Coaching herself has “forced me to become more of a student of my event,” Devers said. “I’m still trying to utilize my speed.”
She calls herself “a sprinter that happens to go over hurdles,” yet knows she’s not the best technician. “I was told in high school that my form was atrocious,” Devers said, “and that always stuck in my head. I don’t want to work so much on mechanics that I negate my speed.”
So how fast does Gail the Coach think Gail the Athlete can run? “Gail the Coach, she doesn’t deal with times,” Devers said. “She deals with, ‘Did you clear the hurdle? Did you throttle back?’ Do the mechanics right, and the times will come. Gail the Athlete has been conditioned by Gail the Coach, so she doesn’t talk about times either.”
But Gail the Realist knows that if she runs her best times, the victories will come — even what she calls “the elusive gold medal” in the Olympic 100-meter hurdles.
And yet, she said, “I don’t think that’s what I’m looking for.” She said fast times are more important to her, running a perfect race.
‘She never gives up’
But those closest to Devers believe the hurdles gold medal is driving the three-time world champion even as she denies it. “I believe until that has been accomplished, that’ll be something that all through her life she’ll wish she had done,” said Celestine Phillips, Monica Moore’s mother, who has become a second mom to Devers.
“Gail is a determined person,” added Moore, Devers’ former UCLA roommate. “She never gives up at anything she does.”
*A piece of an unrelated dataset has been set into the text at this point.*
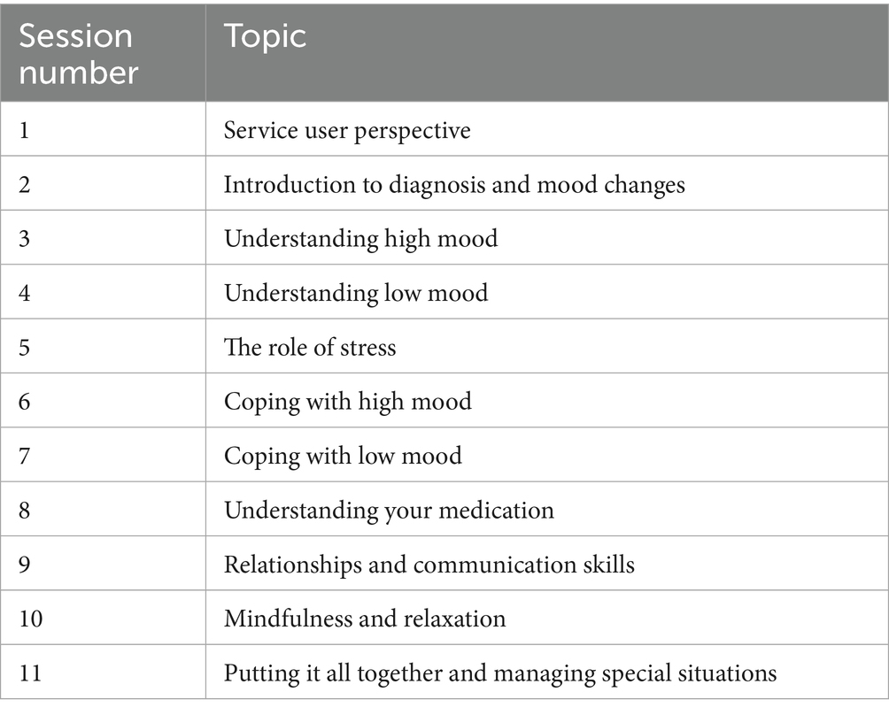 The current study focusses on the group CBT element of the programme. This covers themes such as understanding low and high mood, relaxation, and relationships (see Table 1) and is in line with NICE recommended psychological intervention for this client group (National Institute for Health and Care Excellence, 2014).
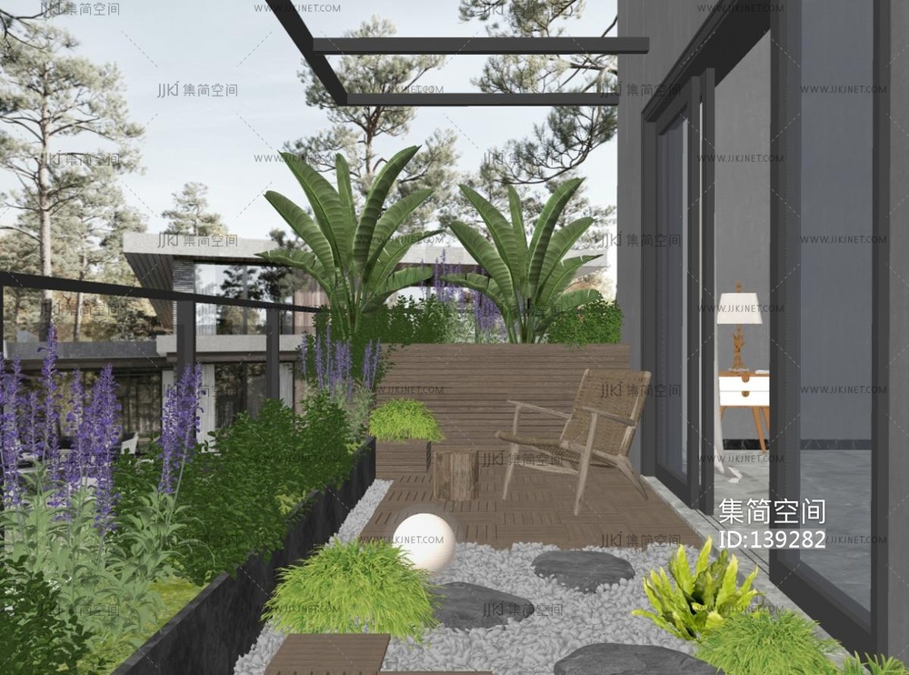 现代暗黑风别墅花园庭院SU模型su草图模型下载

After competing in the 1988 Olympics, Devers contracted Graves’ disease, a thyroid condition that caused doctors to consider amputating both of her feet. She recovered and was favored to win the hurdles in Barcelona in 1992, especially after claiming the 100-meter dash title. But Devers hit the final hurdle and practically crawled across the finish line in fifth place. In Atlanta, she was fourth. Four years later, a stunning American-record time of 12.33 seconds made Devers the favorite in Sydney. She pulled up in the semifinals with an injured hamstring but was pleased that no one beat her time of 12.63 seconds in the prelims.
“Because no one will let me retire, I have to keep stepping up my game,” said Devers, who eventually wants to write poetry or her memoirs and expand her charitable foundation. “You just don’t understand my fan mail. People of all ages say, ‘You can’t retire yet. You’re doing it for us, the over-30-year-old women, over-35.’”
And why retire, Devers said, “when I still enjoy what I’m doing and I’m still learning my event?”
She’s learning to listen to her body, too. “If my body says no, I go home,” she said.
Yet she refuses to believe that she’s 36 going on 37 in November.
“I look at myself as I’m 19,” she said, “regardless of when my mother said she had me. I think there is so much I have left to learn, and I do what I can to take care of my body. I’ve never had a drink of anything; my strongest drink is Welch’s Grape Soda. I’ve never smoked anything. I don’t have junk in my body. . . . My body is clean, so I can be 19 if I want to.”
She can even get by without regular sleep. Devers is an insomniac who watches endless reruns on TV Land (she can’t wait for the “I Love Lucy” marathon in August). Kaleb, meanwhile, has his milk, gets under the covers at 7:20 p.m., and sleeps 12 to 15 hours. Then it’s time to chase Devers again as she chases her ghosts in the 100-meter hurdles.
“All he’s ever known,” she said, “is track and field.”